Ich liege in meinem Bett, wälze mich umher. Ich rolle mich auf den Rücken und starre an die Decke. Genervt stöhne ich. Warum sehe ich, wenn ich meine Augen schließe, immer sie? So kann ich nicht schlafen! Ich setze mich auf. Meine Decke rutscht an mir runter und entblößt meine Brüste. Ich beuge mich zur rechten Seite, greife nach meiner Flasche, trinke einen Schluck. Ich schaue auf die Uhr. Es ist punkt zwei Uhr. Ich lasse die Flasche wieder zu Boden gleiten. Ob Fabi recht hat? Mag ich sie wirklich? Aber ich kenne sie ja nicht mal. Außerdem ist sie Anwältin und ich bloß Zugbegleiterin. Ein schwacher Windzug umarmt mich. Ich schaudere, blicke mich um. Meine Tür ist ein Spalt weit offen. Ich streife mir die Decke vom Leib, gehe zur Tür, schließe sie. Schnell schleiche ich wieder zu meinem Bett. Ich lege mich hin. Starre die Decke an. Es ist echt öde. Ich seufze. Ich kann auch nicht nur wach rumliegen. Ich drehe mich auf den Bauch, lecke mir über die Lippen. Ich lasse meinen Kopf ins Kissen fallen. Warum kann ich denn jetzt nicht schlafen? Ich brumme. Ich hebe meinen Kopf und schaue auf die Uhr. Drei nach zwei. Ich rolle mich wieder auf den Rücken. Ich setze mich auf, gehe zum Fenster. Draußen ist es dunkel. Der Mond scheint hell. Er ist eine Sichel. Viertelmond. Es schneit. Die Staße und Gärten sind weiß. Die Autos sind kaum noch zu erkennen. Mit Sicherheit wird morgen keiner aus seinen Häusern rauskommen. Was heißt, dass Frau Bombeck auch nicht von hier weg kommtn wird.

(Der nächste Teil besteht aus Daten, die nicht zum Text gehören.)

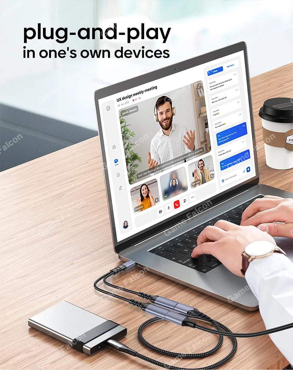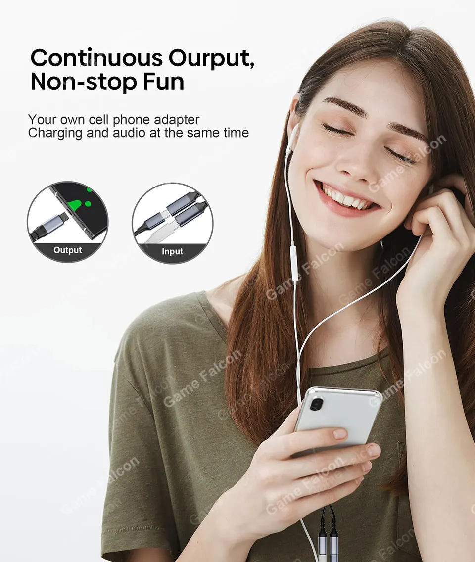 Adaptador de conector para auriculares 2 en 1 tipo C a USB C dual, no te preocupes, el teléfono solo tiene un conector, no puedes jugar al mismo tiempo

Eisblumen schmücken die Scheibe. Gegenüber sehe ich, wie die Haustür aufgeht. Genauso wie in dem Haus links daneben. Beide Männer kämpfen sich durch den hohen Schnee. Tore und Jan schauen sich an. Sie reden. Anscheinend ist bei ihnen der Melder los gegangen. Beide sind bei der Feuerwehr. Jan holt sein Handy raus, hält es sich ans Ohr. Tore tastet die Schneedecke ab, robbt auf sie. Ich schmunzle. Jan schaut ihn an. Er fängt an zu lachen, steckt sein Handy wieder ein. Auch er legt sich auf den Schnee. Beide robben über das dicke Weiß. Ich wende mich vom Fenster ab, gehe wieder zu meinem Bett. Ich kuschel mich in meine Decke.